■ **EXERCISE INPUT**:
↓

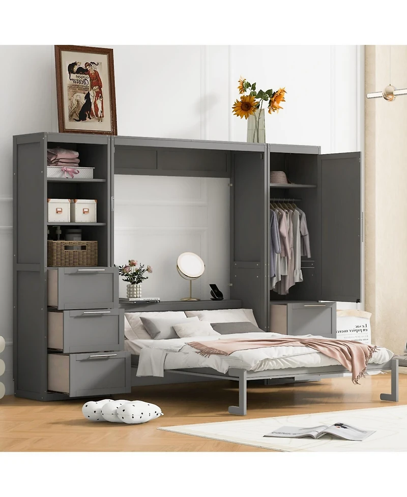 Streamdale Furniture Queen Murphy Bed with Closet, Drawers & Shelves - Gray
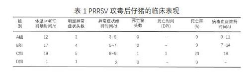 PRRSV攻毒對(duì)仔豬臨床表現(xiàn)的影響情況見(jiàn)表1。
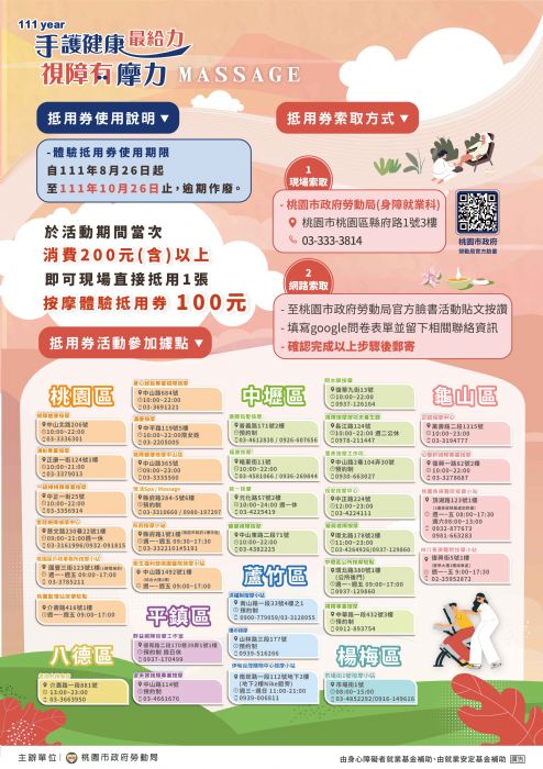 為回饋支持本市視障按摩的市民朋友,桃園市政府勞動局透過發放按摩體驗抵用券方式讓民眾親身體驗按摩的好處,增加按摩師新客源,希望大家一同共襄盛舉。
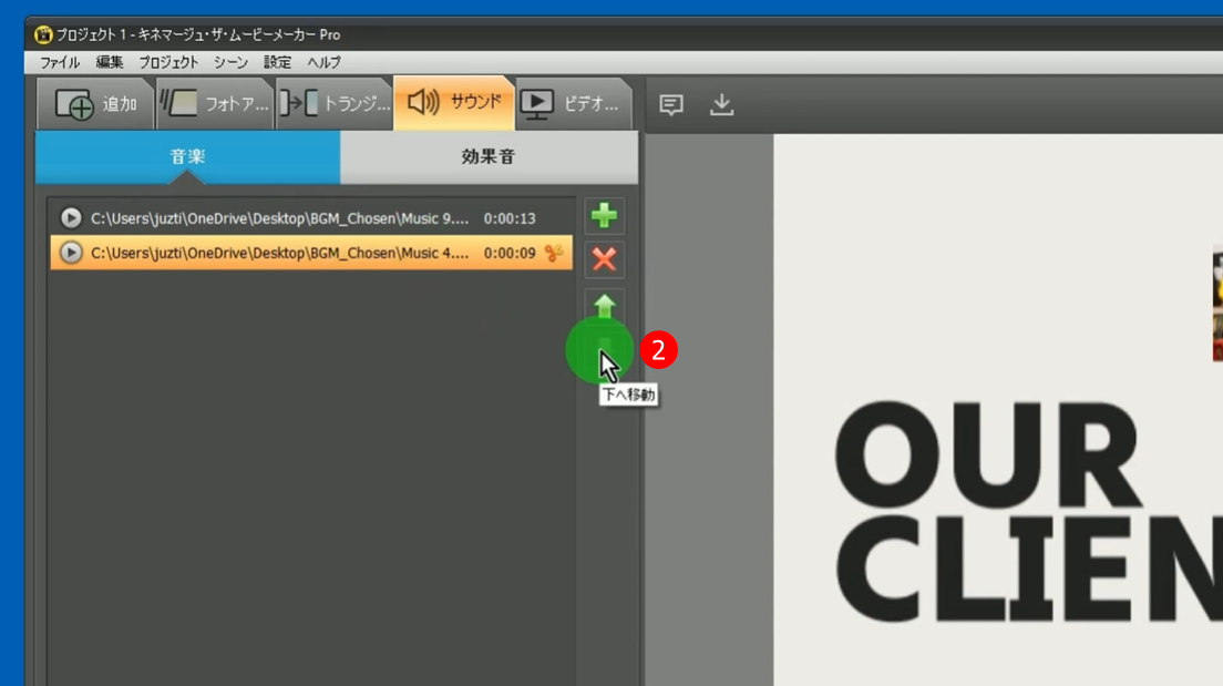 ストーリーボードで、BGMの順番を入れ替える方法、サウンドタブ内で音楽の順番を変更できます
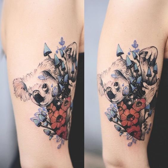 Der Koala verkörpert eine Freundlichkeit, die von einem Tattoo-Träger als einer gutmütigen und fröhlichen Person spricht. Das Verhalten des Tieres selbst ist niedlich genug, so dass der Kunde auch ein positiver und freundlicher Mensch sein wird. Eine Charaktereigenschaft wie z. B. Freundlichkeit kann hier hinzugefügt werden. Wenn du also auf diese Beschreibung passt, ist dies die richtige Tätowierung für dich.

↑
↓

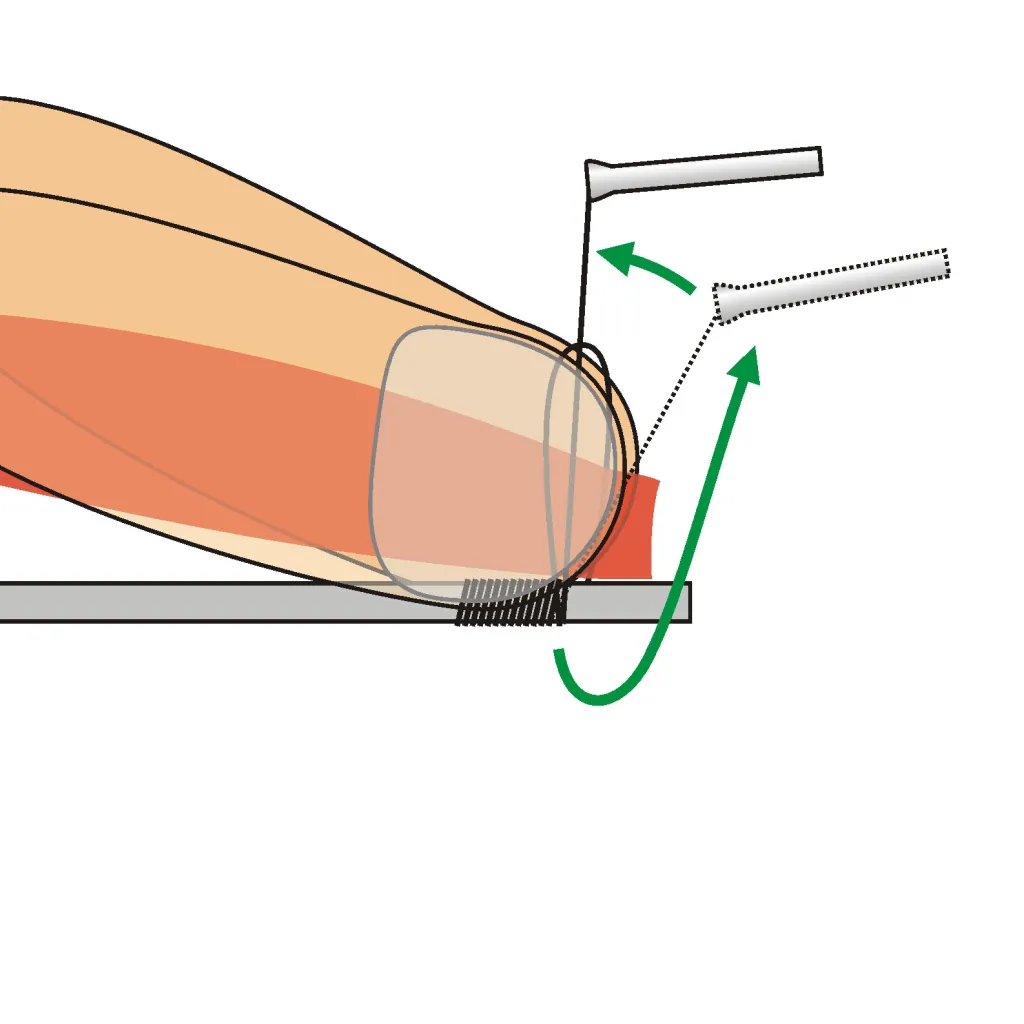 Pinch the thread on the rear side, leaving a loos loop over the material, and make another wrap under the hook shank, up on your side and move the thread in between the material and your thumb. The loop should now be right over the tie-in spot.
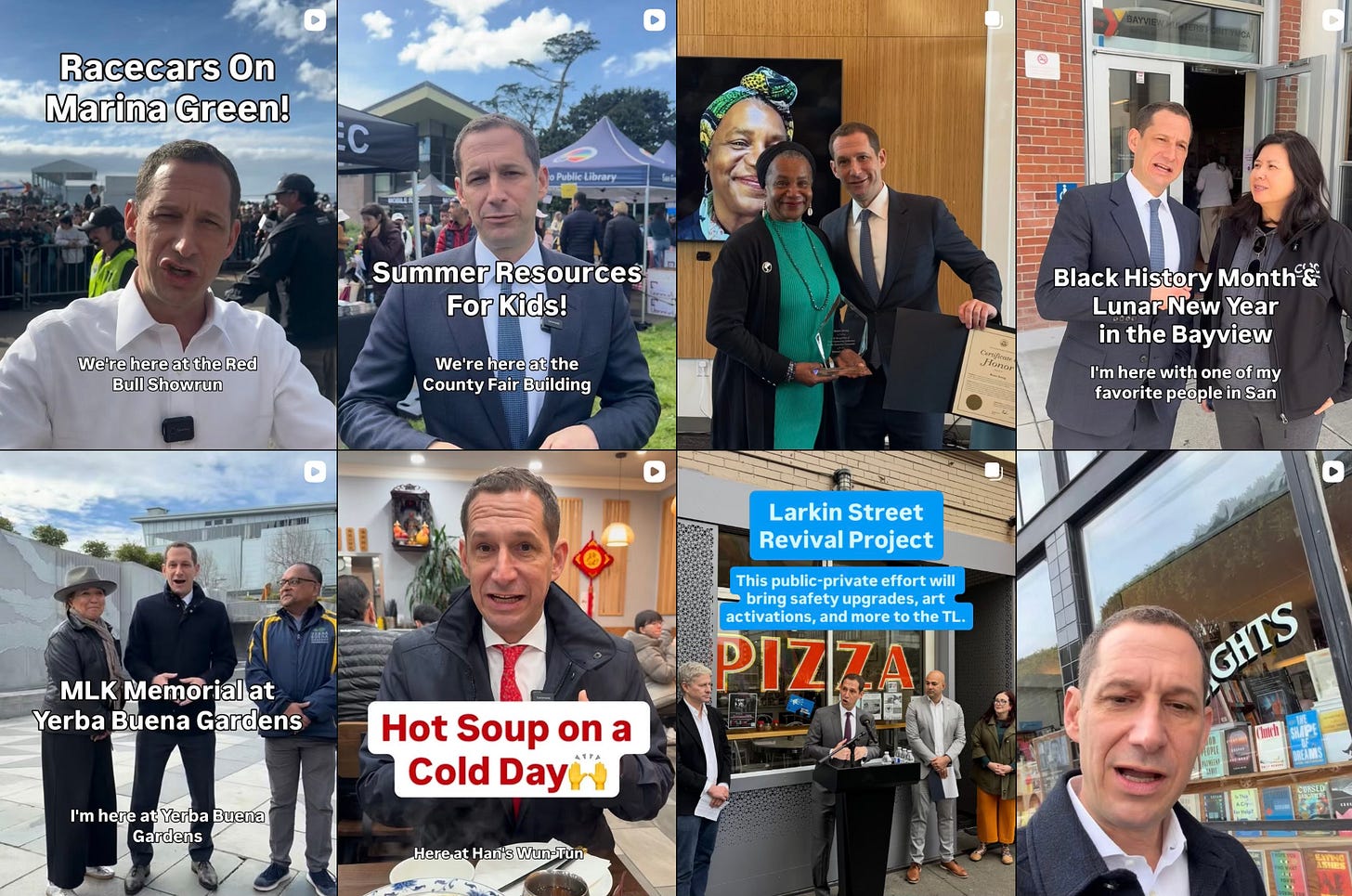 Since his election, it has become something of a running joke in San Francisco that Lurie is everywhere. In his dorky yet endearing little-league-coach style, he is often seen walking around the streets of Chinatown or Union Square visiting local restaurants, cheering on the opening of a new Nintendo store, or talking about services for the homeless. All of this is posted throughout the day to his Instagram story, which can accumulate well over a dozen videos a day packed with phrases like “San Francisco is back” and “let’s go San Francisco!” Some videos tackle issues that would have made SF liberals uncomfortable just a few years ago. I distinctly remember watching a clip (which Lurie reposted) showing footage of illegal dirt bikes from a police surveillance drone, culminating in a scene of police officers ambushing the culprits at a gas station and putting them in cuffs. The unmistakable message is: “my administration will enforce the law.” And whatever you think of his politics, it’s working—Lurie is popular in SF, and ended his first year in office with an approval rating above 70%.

↑
↓

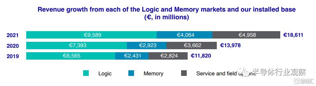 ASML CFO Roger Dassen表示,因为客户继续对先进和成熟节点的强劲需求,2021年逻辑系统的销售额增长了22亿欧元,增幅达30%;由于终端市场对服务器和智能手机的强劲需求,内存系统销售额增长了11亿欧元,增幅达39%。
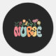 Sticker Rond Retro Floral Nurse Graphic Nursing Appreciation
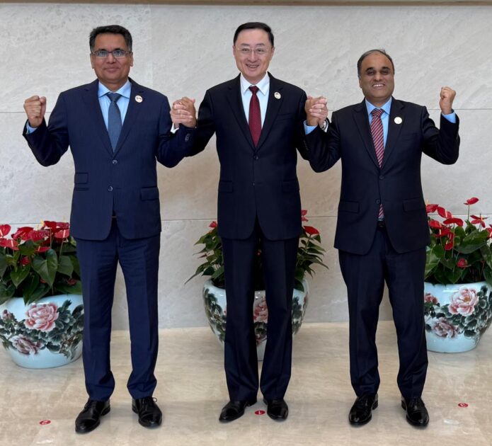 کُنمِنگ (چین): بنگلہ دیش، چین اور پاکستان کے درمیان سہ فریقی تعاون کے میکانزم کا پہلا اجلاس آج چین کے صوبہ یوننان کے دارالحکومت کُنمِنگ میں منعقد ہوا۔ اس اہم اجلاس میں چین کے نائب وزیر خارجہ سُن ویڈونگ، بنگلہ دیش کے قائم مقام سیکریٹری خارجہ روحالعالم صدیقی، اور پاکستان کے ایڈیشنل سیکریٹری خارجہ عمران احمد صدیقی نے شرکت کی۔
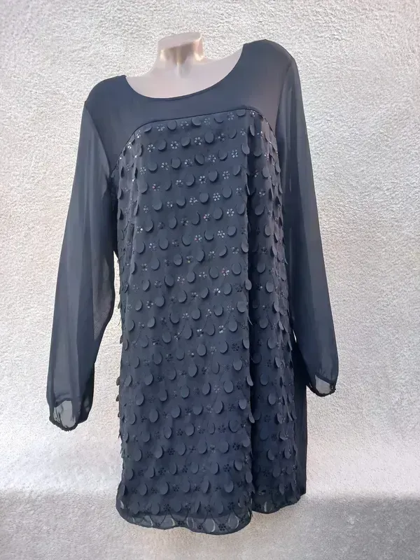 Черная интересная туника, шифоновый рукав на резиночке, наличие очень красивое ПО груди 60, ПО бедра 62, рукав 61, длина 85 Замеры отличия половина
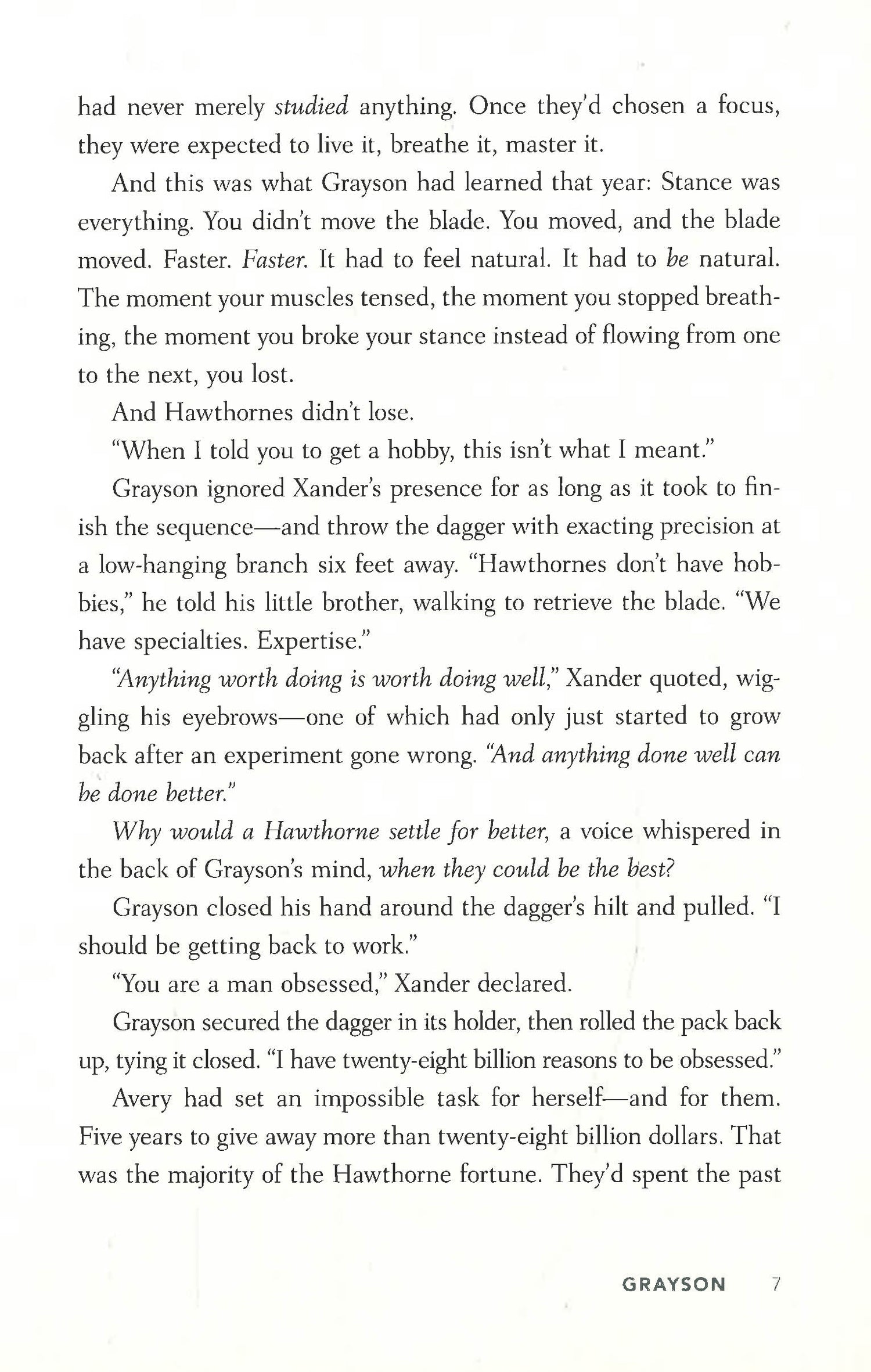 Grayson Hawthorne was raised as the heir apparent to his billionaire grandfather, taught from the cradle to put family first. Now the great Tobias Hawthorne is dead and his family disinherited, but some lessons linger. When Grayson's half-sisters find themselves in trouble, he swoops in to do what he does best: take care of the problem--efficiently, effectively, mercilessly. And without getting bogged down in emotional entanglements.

↑

■ **REQUIRED ACTION**:
What do the entries above read from the line containing "Streamdale Furniture Queen" through the line containing "Der Koala verkörpert"? Output those lines exactly, both ends included, with the pictures left out.

■ **RESULT**:
 Streamdale Furniture Queen Murphy Bed with Closet, Drawers & Shelves - Gray
 PRRSV攻毒對(duì)仔豬臨床表現(xiàn)的影響情況見(jiàn)表1。
 為回饋支持本市視障按摩的市民朋友,桃園市政府勞動局透過發放按摩體驗抵用券方式讓民眾親身體驗按摩的好處,增加按摩師新客源,希望大家一同共襄盛舉。
 ストーリーボードで、BGMの順番を入れ替える方法、サウンドタブ内で音楽の順番を変更できます
 Der Koala verkörpert eine Freundlichkeit, die von einem Tattoo-Träger als einer gutmütigen und fröhlichen Person spricht. Das Verhalten des Tieres selbst ist niedlich genug, so dass der Kunde auch ein positiver und freundlicher Mensch sein wird. Eine Charaktereigenschaft wie z. B. Freundlichkeit kann hier hinzugefügt werden. Wenn du also auf diese Beschreibung passt, ist dies die richtige Tätowierung für dich.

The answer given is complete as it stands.